Records for this task START

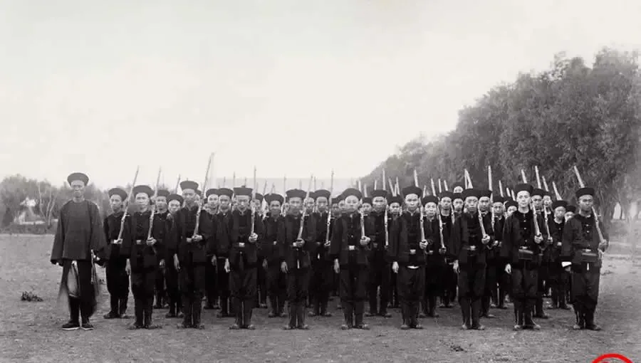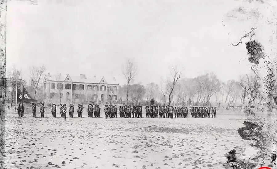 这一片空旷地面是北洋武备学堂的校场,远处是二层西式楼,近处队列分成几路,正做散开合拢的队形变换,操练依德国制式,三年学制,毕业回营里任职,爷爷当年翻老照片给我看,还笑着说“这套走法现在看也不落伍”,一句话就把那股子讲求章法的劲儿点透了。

Records for this task END
Records for this task START

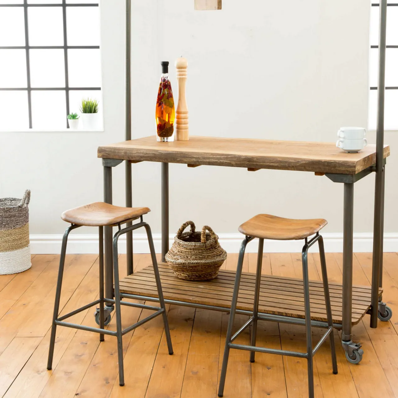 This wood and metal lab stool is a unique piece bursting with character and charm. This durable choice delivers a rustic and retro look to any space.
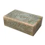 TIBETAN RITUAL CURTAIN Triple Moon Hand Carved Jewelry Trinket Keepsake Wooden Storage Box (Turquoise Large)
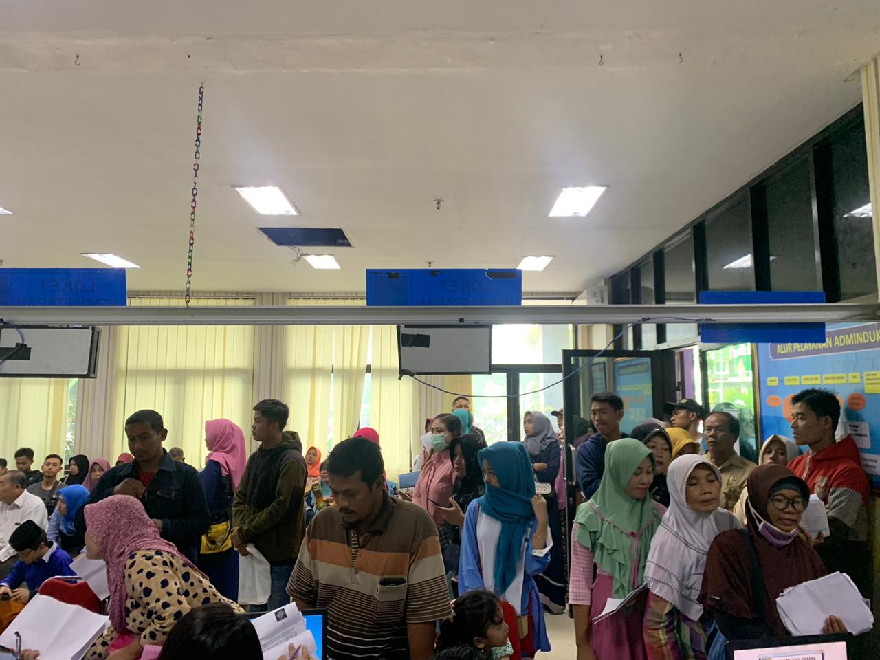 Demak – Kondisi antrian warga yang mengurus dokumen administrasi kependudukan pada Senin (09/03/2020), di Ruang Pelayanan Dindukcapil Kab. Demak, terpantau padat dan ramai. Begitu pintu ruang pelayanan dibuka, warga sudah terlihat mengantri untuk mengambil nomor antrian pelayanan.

Records for this task END
Records for this task START

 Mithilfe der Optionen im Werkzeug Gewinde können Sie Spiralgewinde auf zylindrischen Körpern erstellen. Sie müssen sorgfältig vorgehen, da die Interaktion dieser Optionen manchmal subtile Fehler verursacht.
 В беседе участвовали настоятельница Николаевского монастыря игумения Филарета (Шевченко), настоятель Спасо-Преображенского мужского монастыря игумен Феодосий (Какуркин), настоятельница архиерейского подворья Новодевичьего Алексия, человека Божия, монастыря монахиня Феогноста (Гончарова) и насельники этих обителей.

Records for this task END

__Task directions__
With the pictures omitted, restate word for word the lines above from the line that has "TIBETAN RITUAL CURTAIN" up to and including the line that has "Demak – Kondisi", and no other lines.

__Answer to this exercise__
 TIBETAN RITUAL CURTAIN Triple Moon Hand Carved Jewelry Trinket Keepsake Wooden Storage Box (Turquoise Large)
 Demak – Kondisi antrian warga yang mengurus dokumen administrasi kependudukan pada Senin (09/03/2020), di Ruang Pelayanan Dindukcapil Kab. Demak, terpantau padat dan ramai. Begitu pintu ruang pelayanan dibuka, warga sudah terlihat mengantri untuk mengambil nomor antrian pelayanan.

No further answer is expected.